Records shown:
__________________________________________________

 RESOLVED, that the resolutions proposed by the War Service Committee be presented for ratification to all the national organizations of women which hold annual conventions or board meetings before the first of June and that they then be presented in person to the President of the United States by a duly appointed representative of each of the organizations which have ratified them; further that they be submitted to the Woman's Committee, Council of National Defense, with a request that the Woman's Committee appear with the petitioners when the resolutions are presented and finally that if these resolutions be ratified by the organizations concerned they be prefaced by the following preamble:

__________________________________________________

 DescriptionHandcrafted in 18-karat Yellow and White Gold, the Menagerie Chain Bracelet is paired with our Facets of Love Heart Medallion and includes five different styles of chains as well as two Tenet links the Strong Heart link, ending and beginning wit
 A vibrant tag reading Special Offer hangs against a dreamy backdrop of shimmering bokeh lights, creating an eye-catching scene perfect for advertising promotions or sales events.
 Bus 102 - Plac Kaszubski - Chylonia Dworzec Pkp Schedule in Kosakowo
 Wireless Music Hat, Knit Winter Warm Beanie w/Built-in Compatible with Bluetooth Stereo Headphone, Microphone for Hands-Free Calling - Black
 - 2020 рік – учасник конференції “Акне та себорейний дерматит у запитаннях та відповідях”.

__________________________________________________

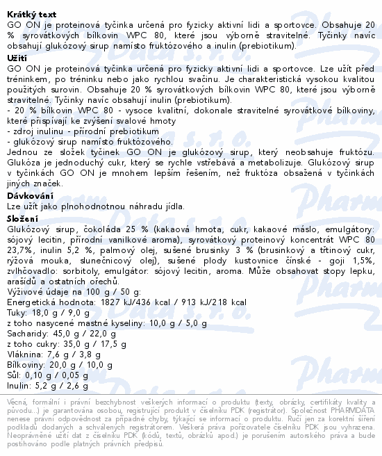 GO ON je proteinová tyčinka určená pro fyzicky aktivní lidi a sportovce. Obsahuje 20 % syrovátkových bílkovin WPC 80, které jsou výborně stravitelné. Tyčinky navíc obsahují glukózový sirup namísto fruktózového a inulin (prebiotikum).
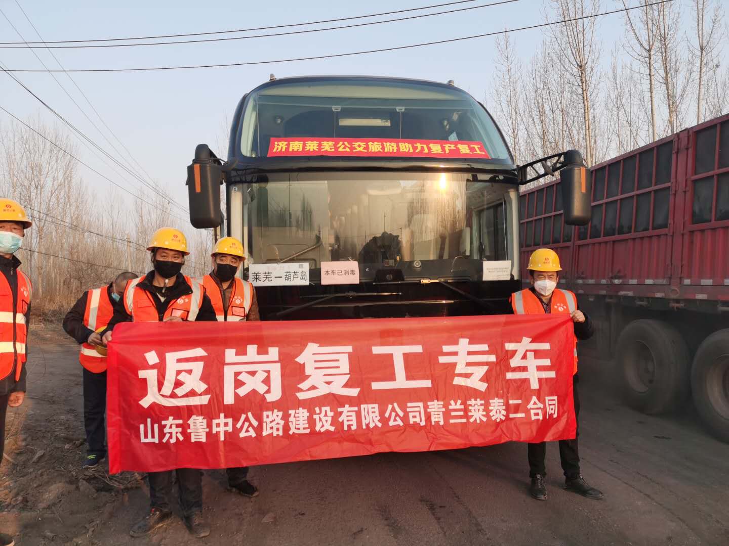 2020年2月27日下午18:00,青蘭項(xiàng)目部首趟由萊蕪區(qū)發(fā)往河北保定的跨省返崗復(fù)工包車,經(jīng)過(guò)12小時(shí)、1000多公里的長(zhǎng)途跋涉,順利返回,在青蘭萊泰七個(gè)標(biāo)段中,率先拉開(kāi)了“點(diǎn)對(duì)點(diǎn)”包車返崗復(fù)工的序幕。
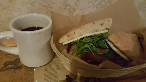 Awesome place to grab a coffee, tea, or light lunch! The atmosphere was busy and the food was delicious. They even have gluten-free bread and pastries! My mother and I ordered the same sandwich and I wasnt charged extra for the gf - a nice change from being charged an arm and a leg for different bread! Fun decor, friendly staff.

__________________________________________________

Problem requirements: Once you find the string "with" in a line of the records, copy that line.

Response below:
 RESOLVED, that the resolutions proposed by the War Service Committee be presented for ratification to all the national organizations of women which hold annual conventions or board meetings before the first of June and that they then be presented in person to the President of the United States by a duly appointed representative of each of the organizations which have ratified them; further that they be submitted to the Woman's Committee, Council of National Defense, with a request that the Woman's Committee appear with the petitioners when the resolutions are presented and finally that if these resolutions be ratified by the organizations concerned they be prefaced by the following preamble:
 DescriptionHandcrafted in 18-karat Yellow and White Gold, the Menagerie Chain Bracelet is paired with our Facets of Love Heart Medallion and includes five different styles of chains as well as two Tenet links the Strong Heart link, ending and beginning wit
 Wireless Music Hat, Knit Winter Warm Beanie w/Built-in Compatible with Bluetooth Stereo Headphone, Microphone for Hands-Free Calling - Black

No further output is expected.